Aunque la mayoría de los justicialistas percibieron que el orden que creían fuerte está amenazado, fue el presidente de la Cámara de Diputados, Santiago Godoy, el receptor directo de la bofetada. Fue él quien impulsó la intervención a Salvador Mazza y, por eso mismo, la persona a la que el aval de Urtubey al depuesto Villalba humilló hasta los huesos. Cuando la rabia lo invadió y lo lanzó a las maldiciones y al pedido de explicaciones, sólo recibió por repuesta una mal disimulada declaración del Gobernador que insistía en no saber quién había avalado al indeseado; y luego una declaración que, pretendiendo provocar comprensión ante propios y extraños, aducía que él, Urtubey, accedió a lo vergonzoso porque estaba atado de manos a lo que ordena la Constitución. Cuando la rabia de Godoy se fue aplacando y la razón lo convenció de que lo sucedido era irreversible, balbuceó palabras diplomáticas que abonaban la teoría del Gobernador atado a la constitución. Era el recurso a mano en medio de una evidente interna en donde nadie sabe muy bien quien es aliado y quien adversario. El recurso de la diplomacia que siempre sirve para que algunos de los contendientes gane tiempo para evaluar el estado de la tropa, imaginar terrenos más favorables, preguntarse cómo se desactiva a los intendentes que ellos mismos ayudaron a activar y tratar de diagnosticar cuáles son los intereses y los actores involucrados en semejante entuerto. El camino para precisar lo último depende de un razonamiento elemental: preguntarse quién o quiénes serán los actores neutrales de esta lucha que avanzarán en el futuro sin problemas por sobre los beligerantes de hoy que, aun ganando, parecen condenados a quedar exhaustos en medio del camino.

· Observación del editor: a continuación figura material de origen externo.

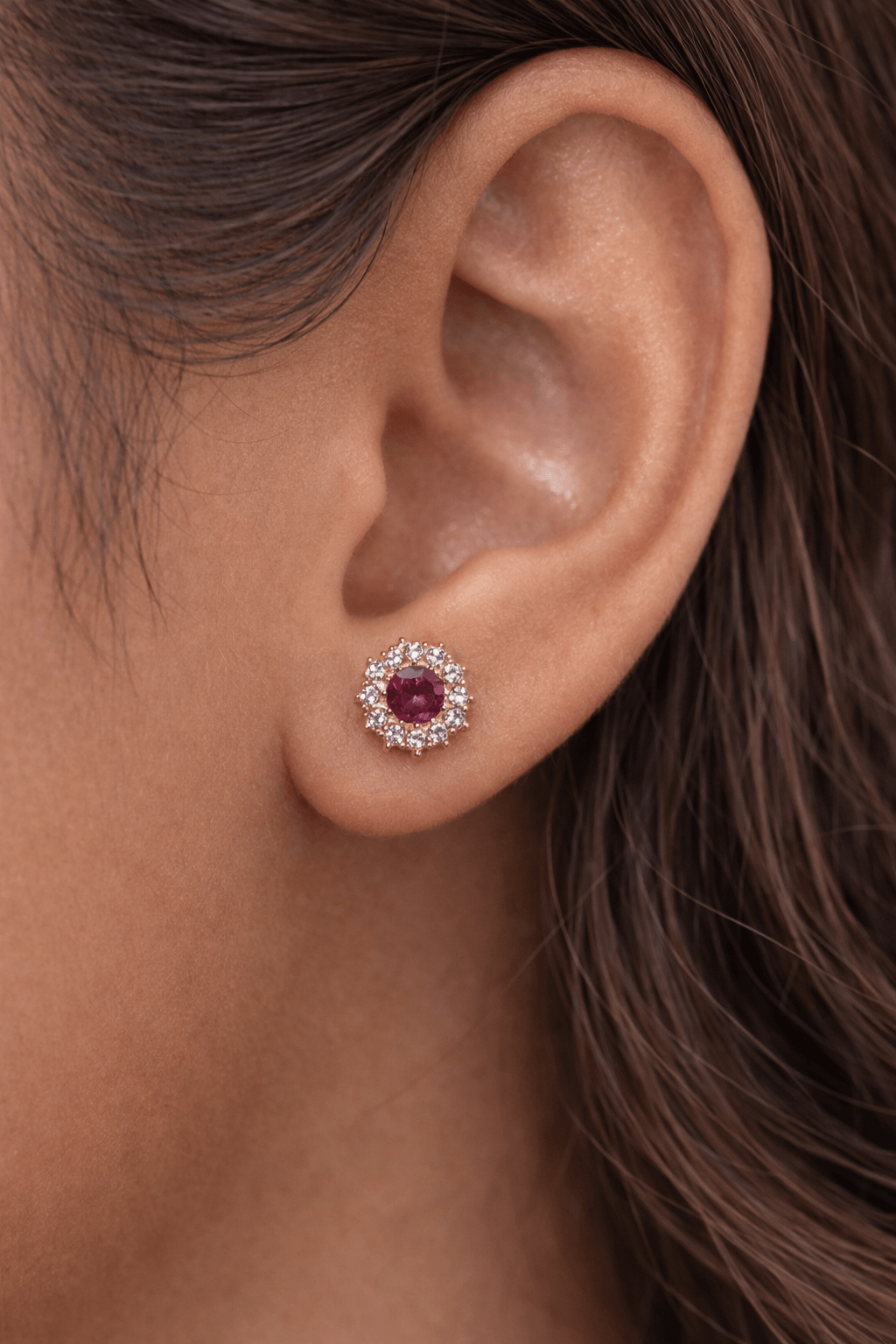 Add a touch of timeless elegance to your jewellery collection with these stunning Ruby Halo Sparkle Stud Earrings. Expertly crafted in 92.5 sterling silver with a luxurious rose gold finish, these earrings feature a vibrant ruby-colored center stone surrounded by a sparkling halo of brilliant crystals.

Los intendentes, mientras tanto, retornaron a sus dominios con la tranquilidad propia de quienes se sienten seguros de haber dejado las cosas en claro. La de ser los hombres y mujeres dispuestos a cargar con el estigma de convertir a los habitantes pobres de sus pobres pueblos en cosas manipulables, personas sobre las que ellos pueden imponer su voluntad en beneficio del Gobernador…pero a cambio de recursos, impunidad en su manejo y hasta mayor poder para decidir cómo deben ser las cosas. A nosotros, mientras tanto, todo lo ocurrido nos deja la desoladora sensación de que, en lo que a relaciones políticas se refiere, esta provincia involuciona a un estadio inferior. Uno en donde los instintos más mezquinos han logrado romper los límites que, no hace mucho, las reglas de la política y la ética habían enriquecido un poco la convivencia.